Mas se este é o caso surge a pergunta: Quem colocou em seus cargos todos estes bispos? Sabemos que muitas dessas igrejas, como Filadélfia, Éfeso ou Esmirna estavam sob a supervisão do apóstolo João, que pessoalmente nomeou Policarpo, um dos bispos destinatários. Santo Inácio, também foi nomeado pelo apóstolos (Pedro e Paulo). Não parece muito plausível a hipótese de que a “evolução” ocorreu repentinamente na cara dos próprios apóstolos, sem que eles soubesse ou fizessem parte disto.
Nem parece muito plausível que o episcopado monárquico é algo que eles adotaram exclusivamente nas igrejas específicas, Santo Inácio, pelo contrário, expressa a crença de que esta é a situação de todas as igrejas do mundo quando se refere a “os Bispos, estabelecidos pelo confins da terra” (Carta aos Efésios III,2) . E vimos como para ele a palavra bispo tem um sentido monarquista inegável.

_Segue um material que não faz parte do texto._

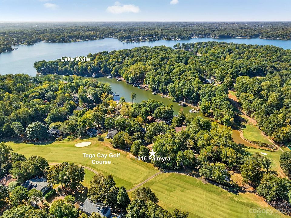 On the Golf course, Tega Cay, SC on the peninsula! Primary Bedroom on the Main, fenced backyard & Two story Great Room with fireplace. Everything you need is on the main floor. Upstairs are 2 bedrooms, plus a 3rd bedroom/bonus/ office. House exterior repainted 2022, new side deck, back deck needs repair. Lake Wylie is right across the street with a public park & playground on Palmyra. This home sits at the end of a shared driveway with extra parking. Roof approx 11-13 yrs, HVAC approx 5 yrs, Hot water tank, 50 gal approx 8 yrs. Tega Cay is a city on a peninsula of Lake Wylie. Amenities include beaches, waterfront parks, boat ramps, community pier, sport courts, recreation fields, walking trails, pickleball, tennis, Tega Cay Beach & Swim Club, Tega Cay Marina & Tega Cay Golf Club, etc. Fort Mill Schools, please verify current school assignment with district for enrollment freezes & info, GHMS freeze possible. No HOA. On the Cove course hole #3.
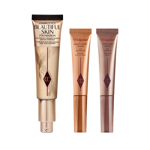 This trio features my WORLD FAMOUS magic wands of makeup, Hollywood Contour Wands to contour and sculpt, and Beauty Light Wands to blush and GLOW, with my NEW! buildable, medium-coverage, hydrating Charlotte’s Beautiful Skin Foundation for a natural, healthy looking, BEAUTIFUL finish!
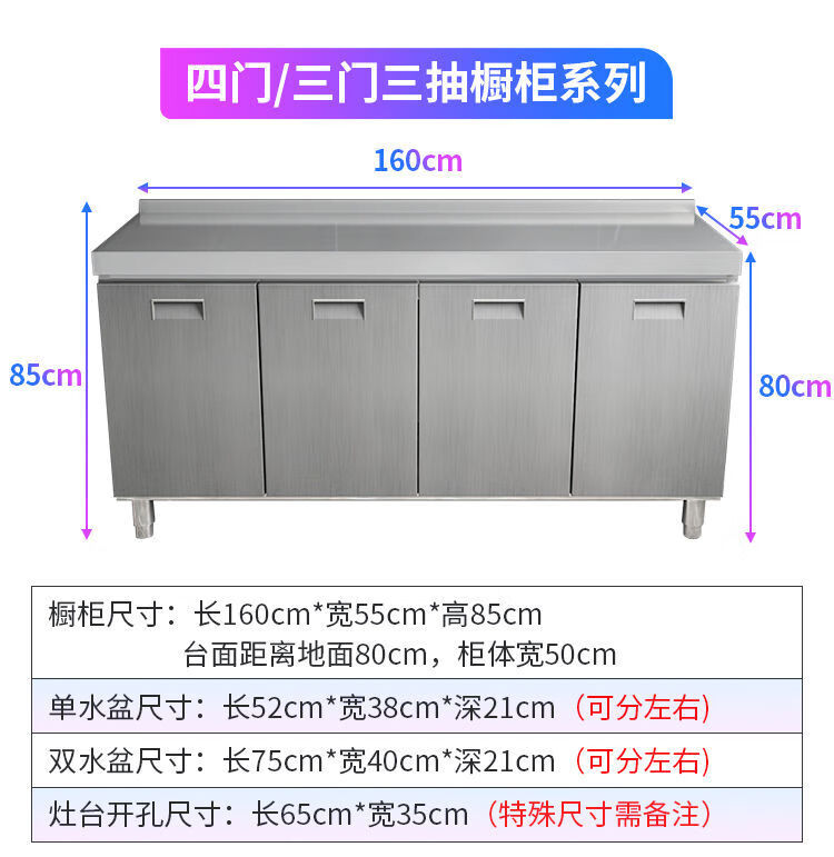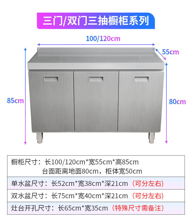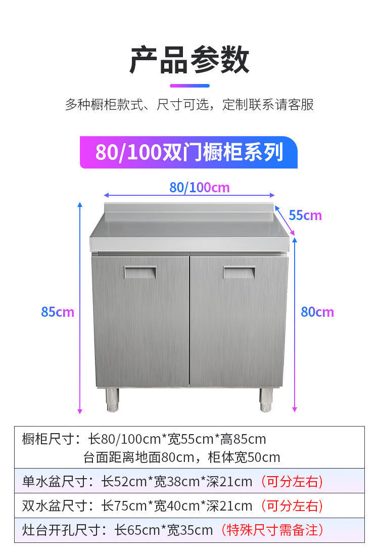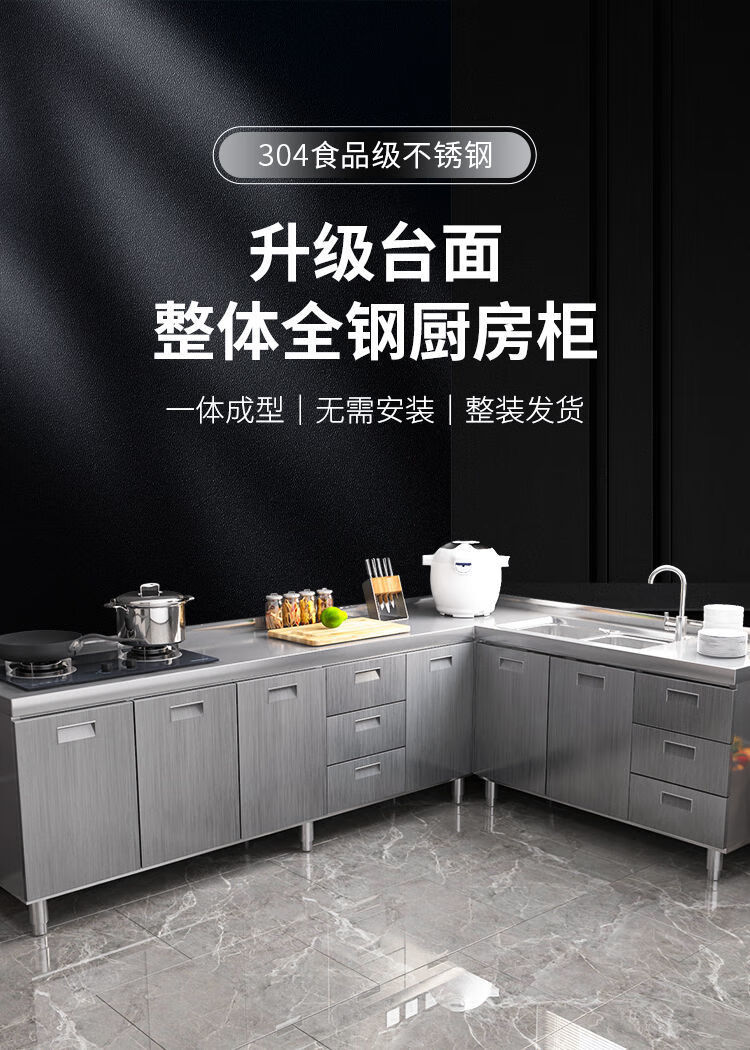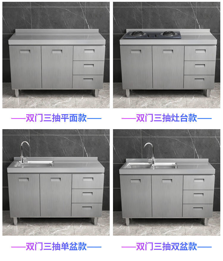 FANCYCHIC304 overall stainless steel white steel kitchen cabinet simple stove integrated storage cupboard household small apartment 80CM double door - flat style 201 stainless steel - installation free

Além disso, não é possível encontrar vestígios que essa instituição tenha sido contestada de alguma forma. A este respeito, explica historiador Afonso Van Hove:
“A melhor evidência para a existência, nesta fase inicial do episcopado monárquico é o fato de que no final do segundo século não há nenhum vestígio de qualquer mudança na organização. Essa mudança teria levado o colégio presbítero-bispos a sua de autoridade soberana, e é quase impossível compreender como este corpo teria permitido ser privado de sua autoridade em todos os lugares, sem deixar em documentos contemporâneos a menor evidência de um protesto contra a mudança importante. Se o episcopado monárquico só começou em meados do século II, é impossível compreender como no final do segundo século eram geralmente conhecidas e aceitas as listas episcopais muitos importantes de sucessão diocesana de bispos que datam do século I. Tal como, por exemplo, foi o caso de Roma.” (Van Hove, Alphonse. “Bishop.” The Catholic Encyclopedia. Vol. 2. New York: Robert Appleton Company, 1907)

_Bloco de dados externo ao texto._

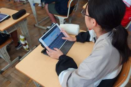 タブレットの気づきメモを使って意見を共有しています。
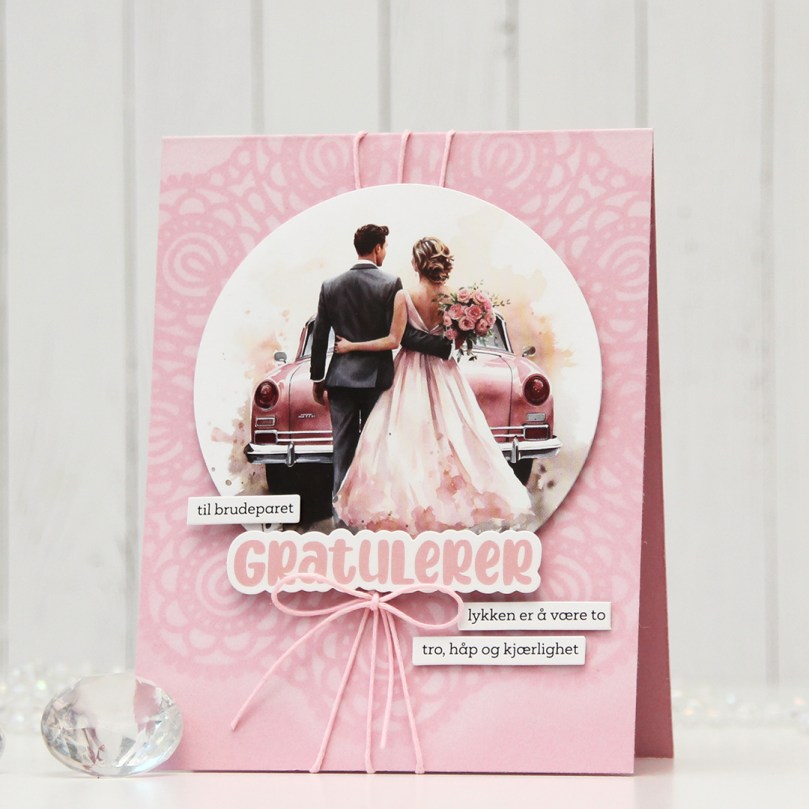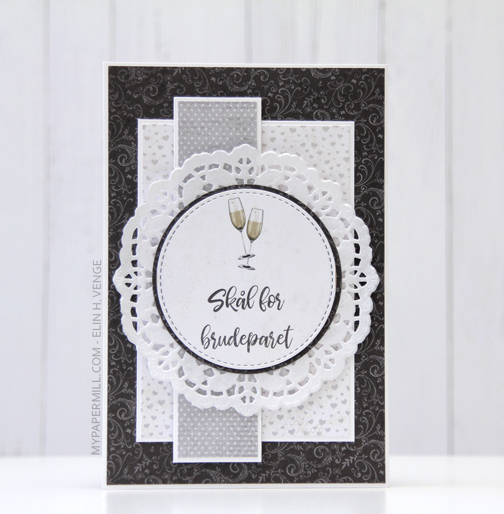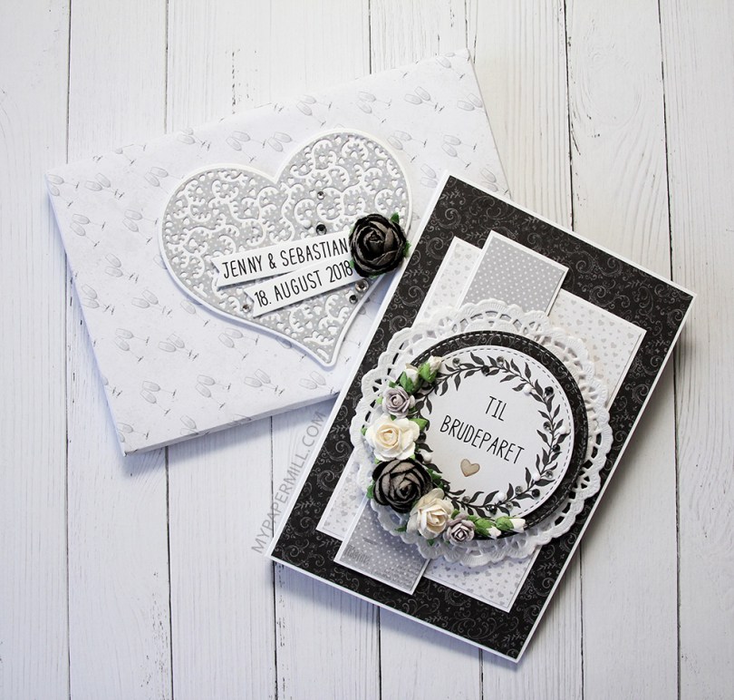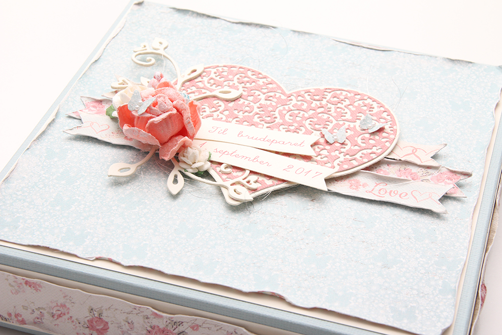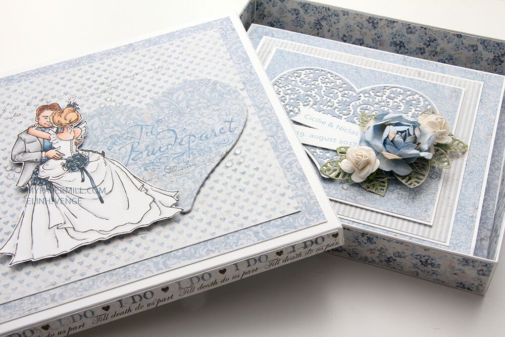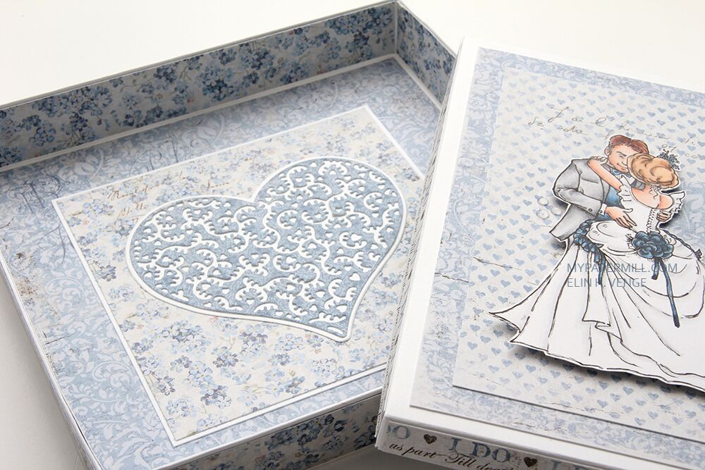 Jeg har brukt Bride and Groom til esken min, og som vanlig har jeg fargelagt med Copics. Jeg har ellers pyntet esken med papirer fra Vintage Wedding-serien til Maja Design, et diecut hjerte laget med en Papirdesign-die og et stempel fra Stempelglede, stemplet med Blueberry Sky blekk fra Papertrey Ink.

Santo Inácio e a Igreja de Roma
Em todas as suas epístolas Santo Inácio chama quase todos os bispos por nomes (Onesimus em Éfeso, Policarpo de Esmirna, Magnésia Damas, Políbio Trales), mas em sua carta à Igreja romana não nomeia qualquer bispo. Os protestantes tendem a ver nesta omissão como prova de que não havia um episcopado monárquico em Roma. No entanto, também não fala de um colégio dos presbíteros, nem mesmo dirige sua carta a alguém que ocupa uma posição de autoridade na Igreja de Roma. Para encontrar a razão você tem que estudar o contexto da situação: O Império Romano já tinha martirizado um dos chefes da cristandade. O célebre Inácio, Bispo da primeira Sé de São Pedro, para quem todos os bispos destinatários ao contrário do Bispo de Roma seriam considerados pequenos peixes. Não seria prudente identificar pelo nome em uma carta o bispo de Roma, precisamente, a principal Igreja da cristandade localizada na cidade onde ele foi levado para ser martirizado.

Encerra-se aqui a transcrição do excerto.